Qu’il s’agisse de notre offre BtoB ou de notre offre grand public, nous proposons les mêmes contenus de formation. Pour les créer, notre méthodologie spécifique part des besoins qualitatifs et quantitatifs des employeurs. Nous identifions les secteurs en tension et analysons les offres d’emploi sur Internet : nombre d’offres sur un métier, durée de leur mise en ligne, analyse sémantique pour identifier très finement les compétences requises. Cela nous permet de créer des cursus en parfaite adéquation avec les besoins des entreprises.

Quels sont vos objectifs financiers et le montant votre chiffre d’affaires annuel ?

Nous ne communiquons pas le montant de notre chiffre d’affaires, mais nous affichons une croissance de 150 % par an.
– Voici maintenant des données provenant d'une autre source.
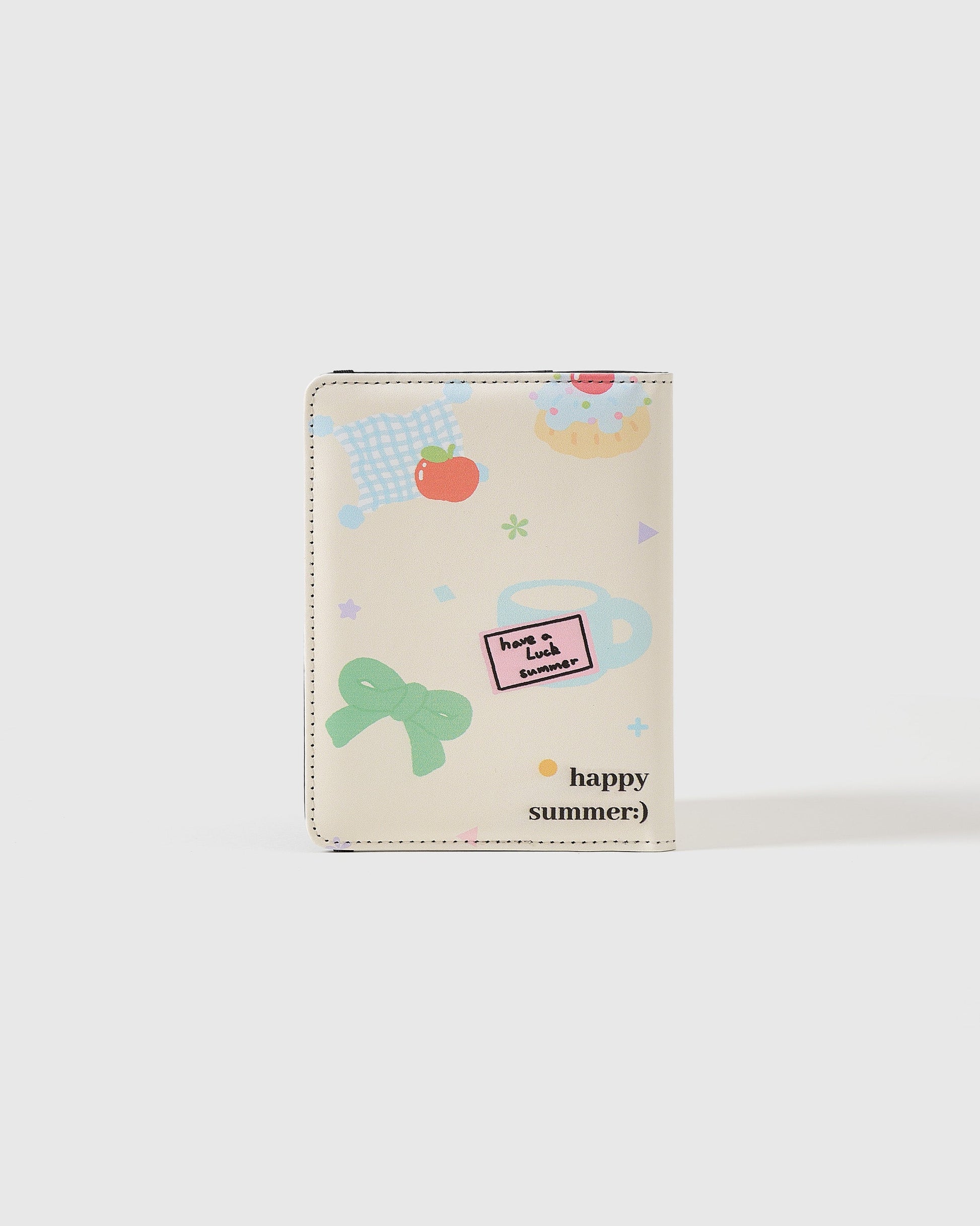 If you’ve ever felt like travel should taste sweeter—this one’s for you. The Happy Summer passport holder is your pocket-sized dessert cart. With pastel cakes, cherries, gingham napkins, and a green bow that ties it all together, this holder packs a picnic of joy for every check-in. Each time you flash it, it’s like offering customs a cupcake. Lightweight, cute, and built to brighten the journey.
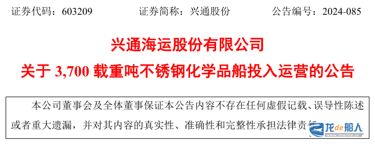 12月25日,兴通海运股份有限公司(以下简称“兴通股份”)发布《 关于 3,700 载重吨不锈钢化学品船投入运营的公告》。
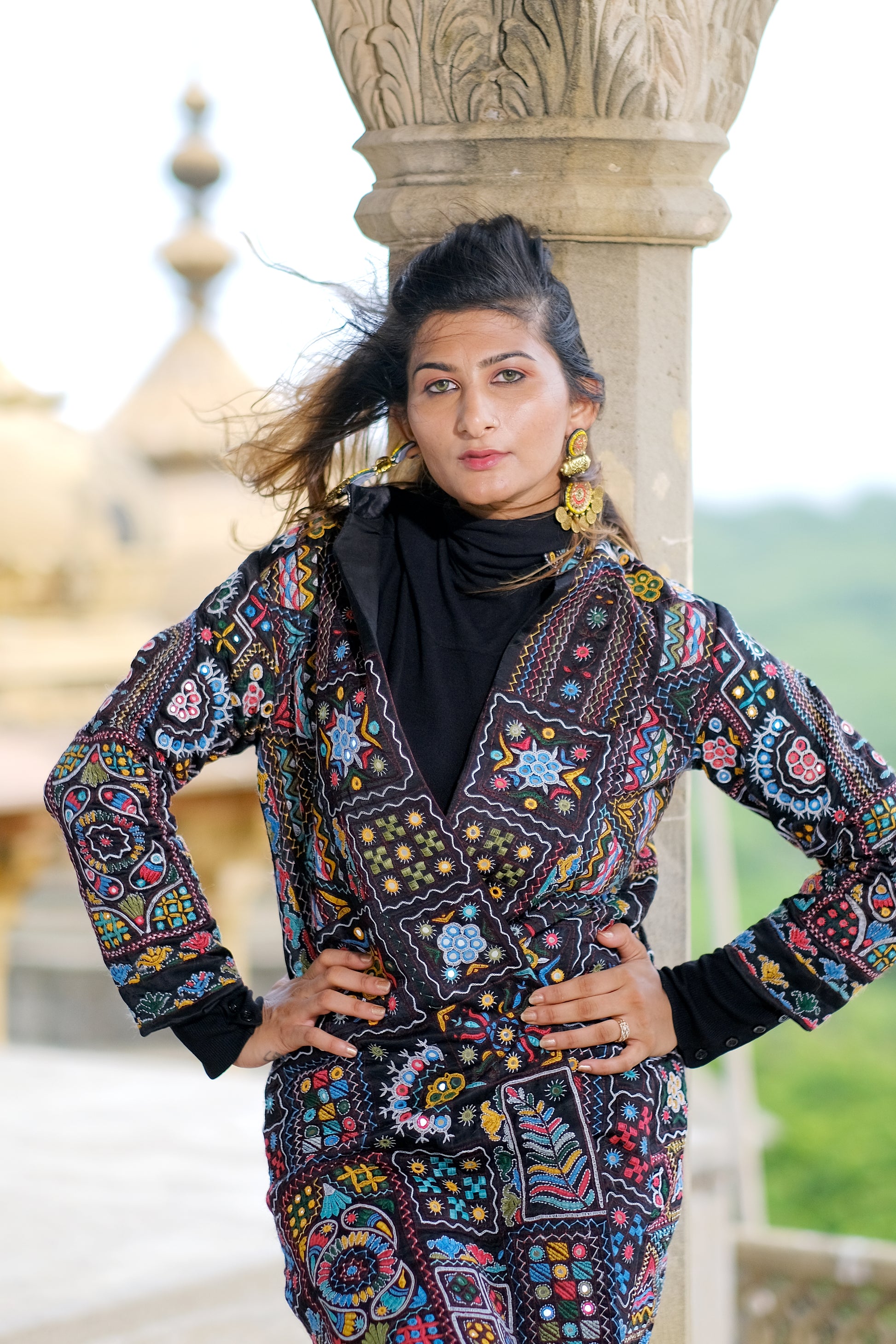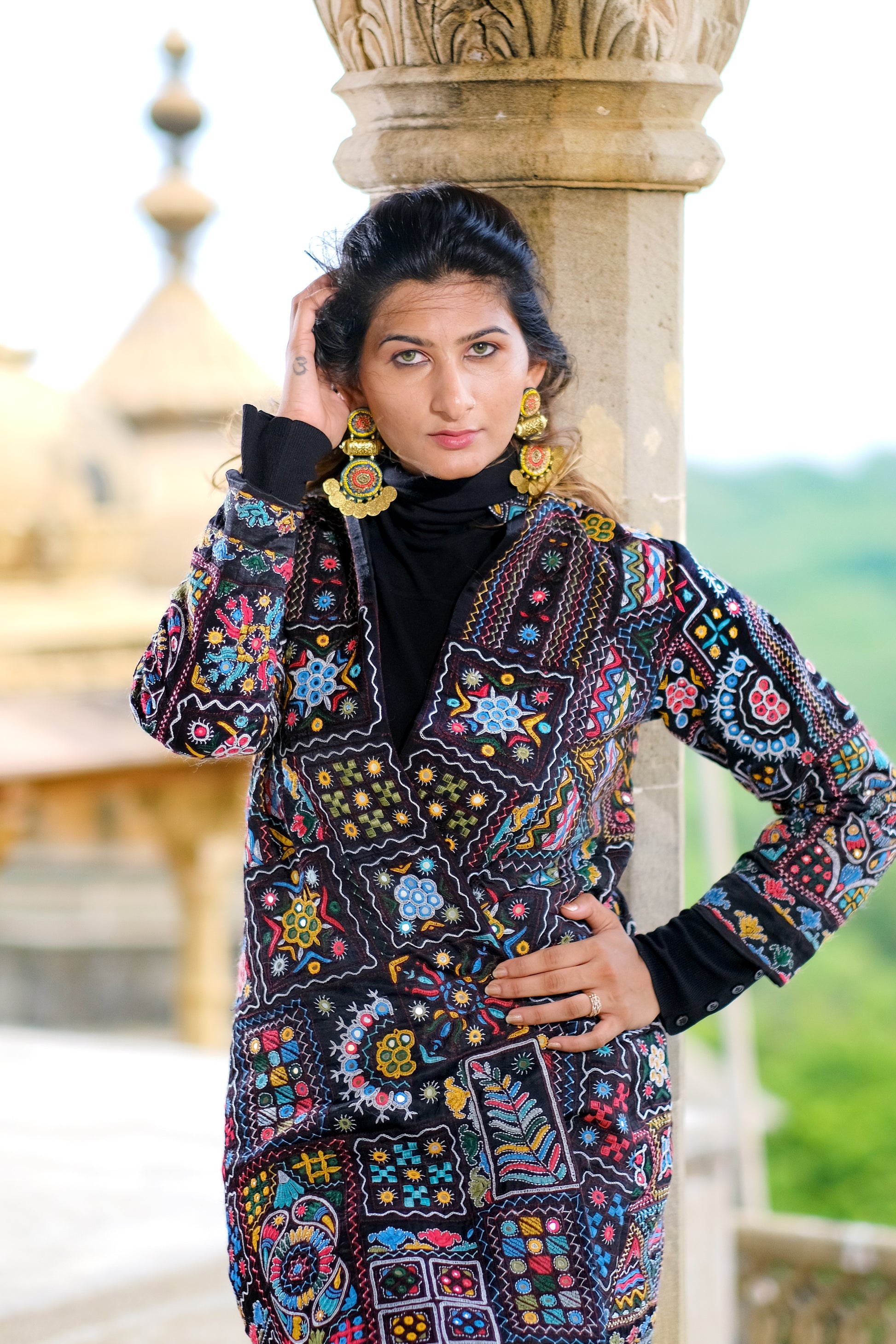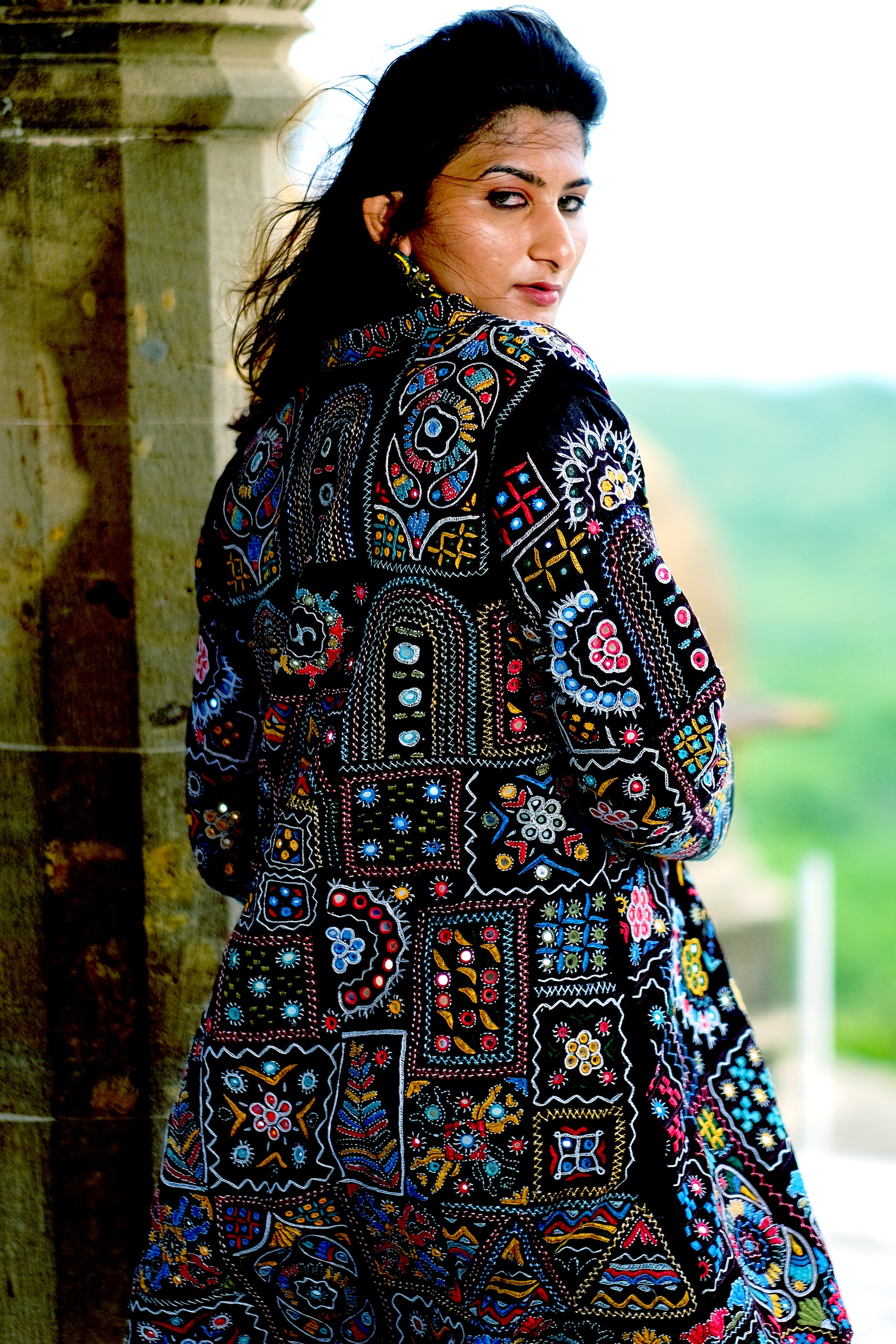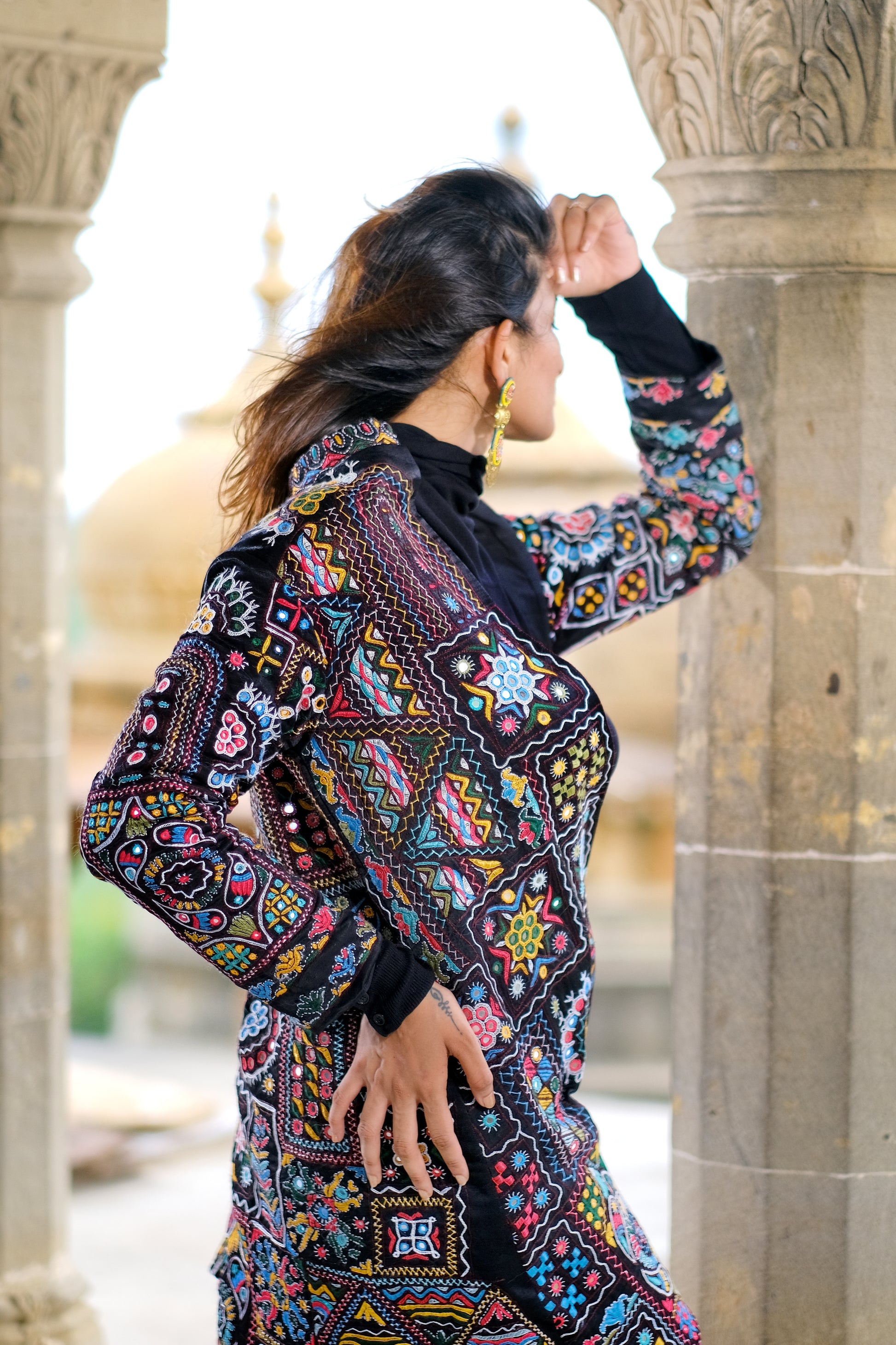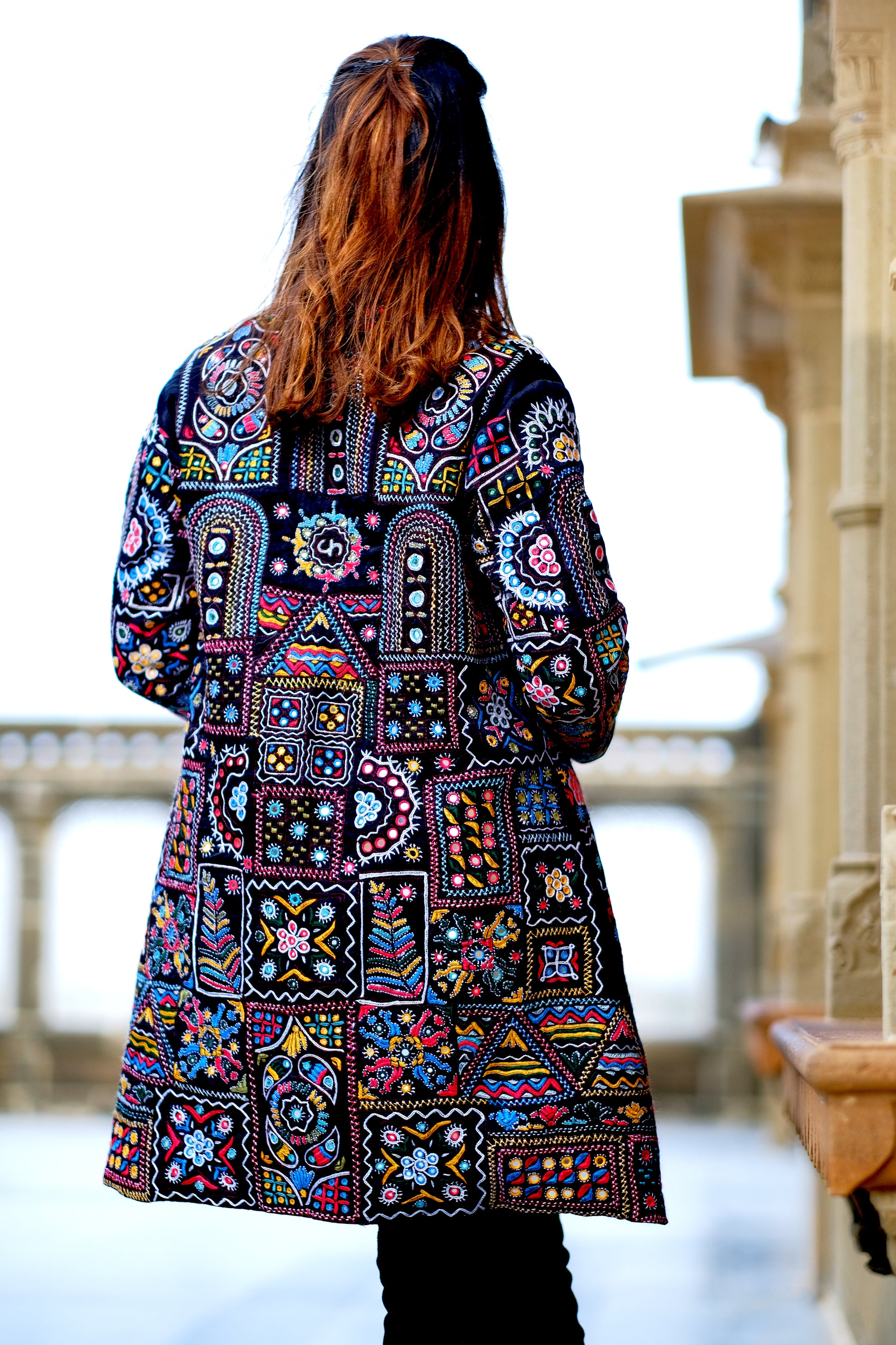 This Kiaayo 'Achija' Jacket is made by a fusion of Five different hand embroidery forms of Kutch and it's a must have garment in your wardrobe. A classic piece of art that can also be passed on to generations.

Je peux vous dire aussi que, cette année, la part du BtoB dans notre activité atteint 40 % du chiffre d’affaires. Nous communiquons davantage sur notre ambition : former et insérer professionnellement 1 million de personnes d’ici à 2025.

Dans les prochains mois, d’autres acteurs de la filière EdTech vont réussir des levées importantes.

Qui sont aujourd'hui vos concurrents ?

Nous n’avons pas de concurrent frontal. Le fait de proposer des diplômes ou des formations accréditées en ligne est assez unique. Aujourd'hui, nos concurrents sont des géants, comme Coursera ou Udacity. De fait, l’alignement dans l’offre entre les standards de l’enseignement supérieur et les compétences "métiers" est très rare. Il faut rapprocher ces deux mondes : amener l’enseignement supérieur vers l’employabilité et l’employabilité vers l’enseignement supérieur.

Cette importante levée de fonds est-elle, selon vous, un bon signal pour la filière Edtech française ?

Oui, c’est un événement positif pour l’écosystème EdTech français, susceptible de lui faire gagner en visibilité à l’étranger. Dans les prochains mois, d’autres acteurs de la filière vont réussir également des levées importantes. Peu de fonds généralistes s’intéressent au secteur de l’éducation : de ce point de vue, cette levée donnera aussi un signal à d’autres fonds.

L’éducation est le plus gros marché au monde, mais c’est un secteur très régulé avec une évolution très lente : il faut donc savoir être patient.